Ganz unabhängig davon, ob du zu deiner Unsicherheit schon Distanz hast aufbauen können und sie beobachten kannst, oder ob das noch nicht der Fall ist, kannst du jederzeit beginnen, dich in diesen Phasen mit mehr Neugier und Offenheit zu beobachten – so als ob du dich wie eine andere Person von außen betrachtest. Schaue dich dann aus verschiedenen Perspektiven an, ändere immer wieder den Blickwinkel, damit du Distanz herstellen kannst. Diese Distanz ist wichtig, weil auf diese Weise die Identifikation mit der Unsicherheit unterbrochen wird, und sei es anfangs nur für wenige Augenblicke. Gleichzeitig wird der Zustand des Beobachtens das Gefühl der Unsicherheit ändern und zugleich verringern. Das Ergebnis sollte sein, folgendes zu erkennen: Du bist nicht das Gefühl, sondern du hast es. Und was du hast und dir nicht gefällt, das kannst du leichter ablegen und hinter dir lassen.

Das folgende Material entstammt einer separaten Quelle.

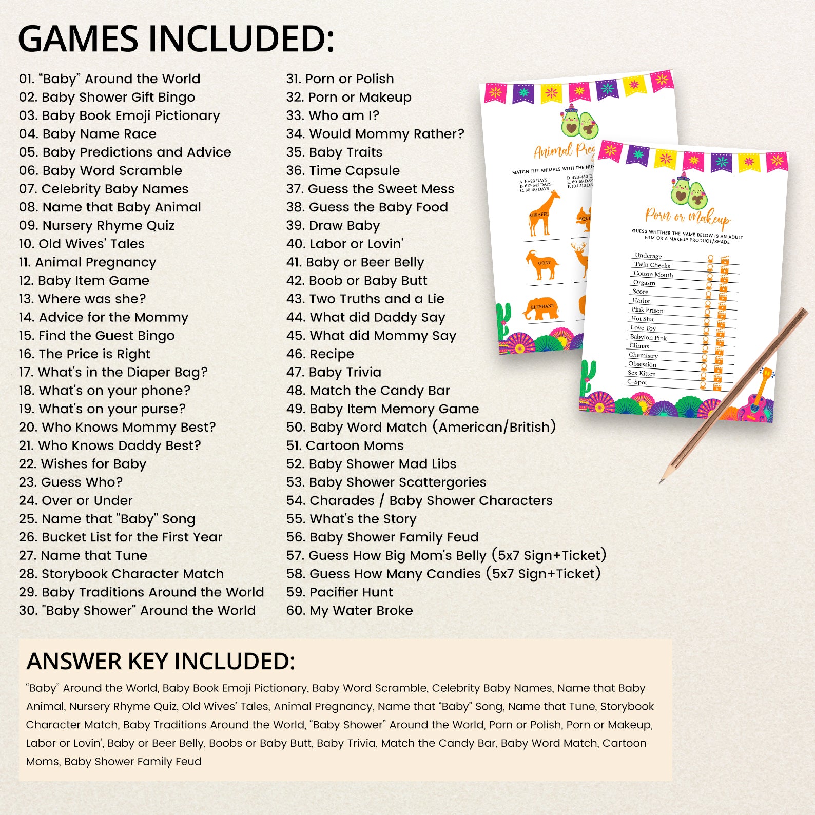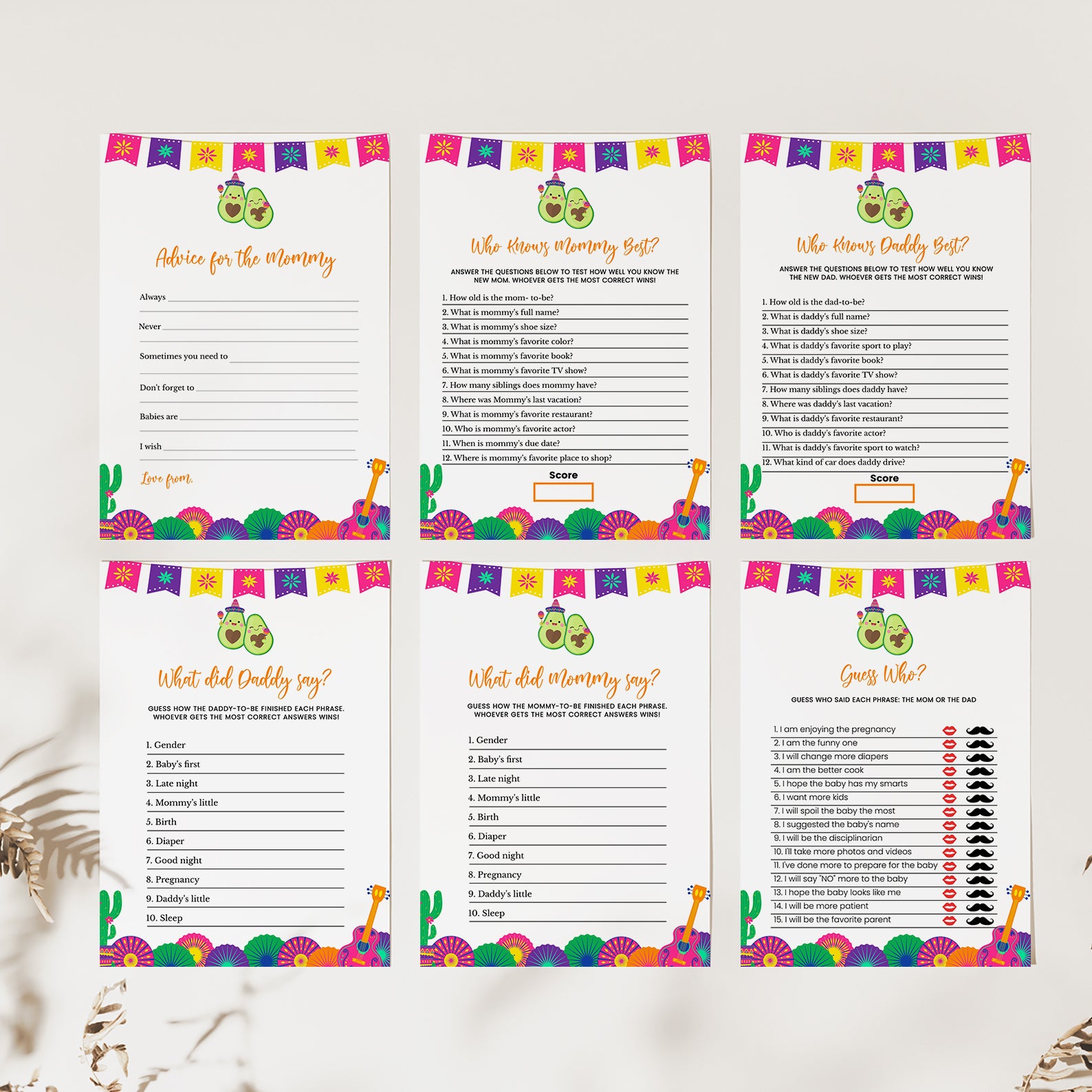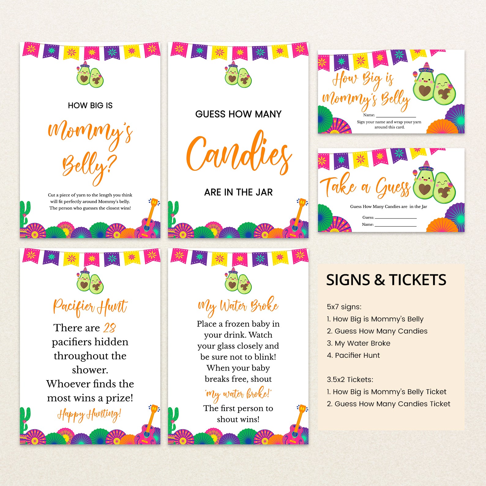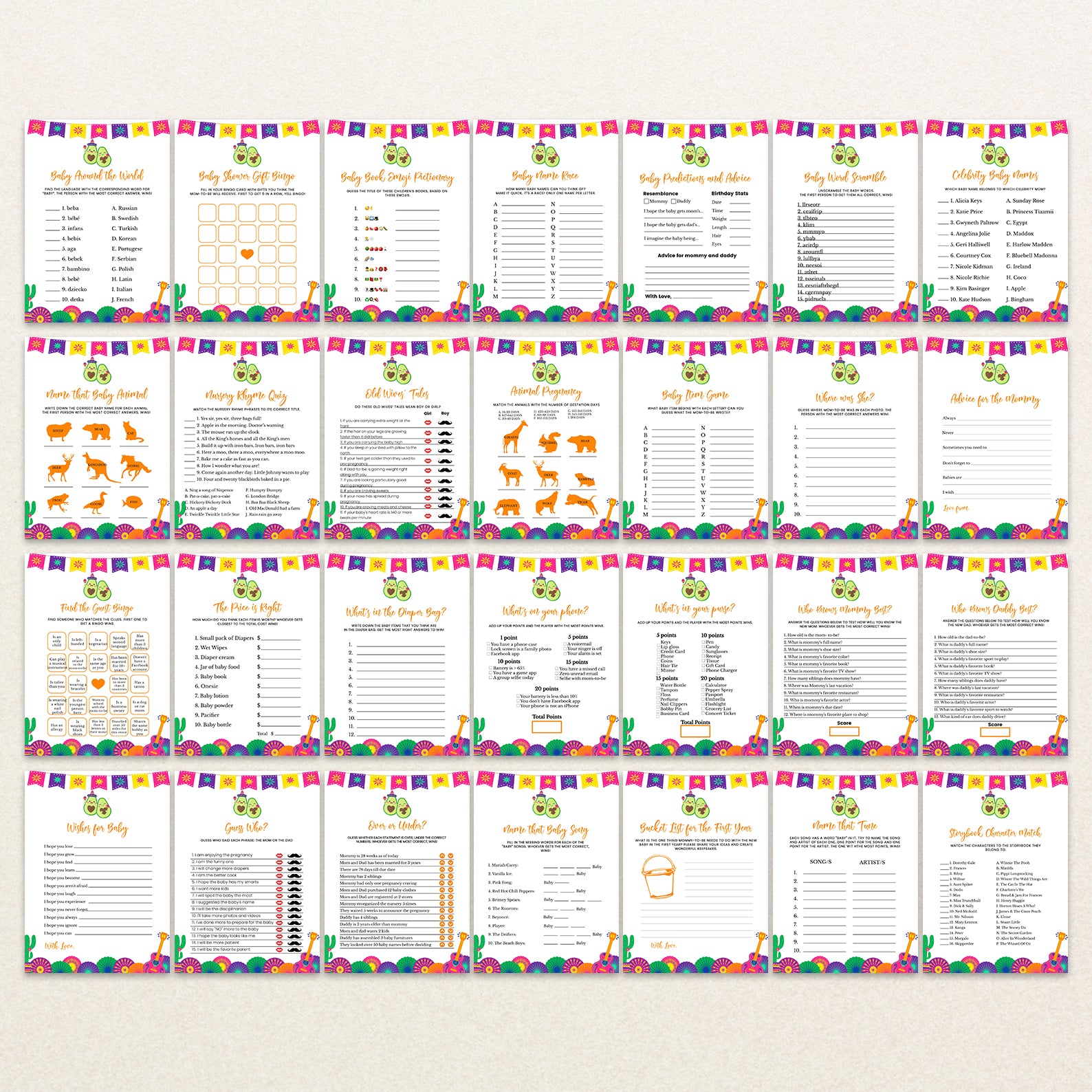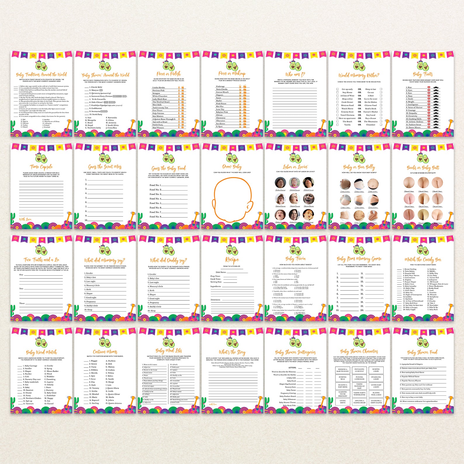 Holy Guacamole Summer Baby Shower Game Bundle: Fiesta & Avocados

Allein das Beobachten und Betrachten der Unsicherheit verändert schon dieses Gefühl. Je mehr du in diese Beobachterrolle kommen kannst, das heißt je mehr Details du über die Unsicherheit und dich in Bezug zu ihr herausfinden kannst, desto achtsamer bist du. Und in diesem Raum der Achtsamkeit geschieht Heilung, ohne dass man mehr dafür tun muss – ganz unabhängig davon ob deine Unsicherheit auf das Umfeld deiner Kindheit oder auf spezifische Ereignisse in ebendieser zurückgeht. Die Suche nach dem Auslöser ist allerdings weniger wichtig, als das Gefühl mit Distanz zu beobachten. Sie soll lediglich dabei helfen, Ängste vor diesem Gefühl abzubauen und es kennenzulernen. Dein Indikator, wie sehr es dir gelingt, dich und die Unsicherheit von außen zu betrachten, wird sein, wie schnell dieses Gefühl in der entsprechenden Situation an Intensität verliert, schließlich gar nicht mehr auftritt und du stattdessen mit Präsenz erscheinst.
Ich wünsche dir Mut und Kraft, diesen Prozess zu durchlaufen und dich darin zu üben, die Unsicherheit loszulassen.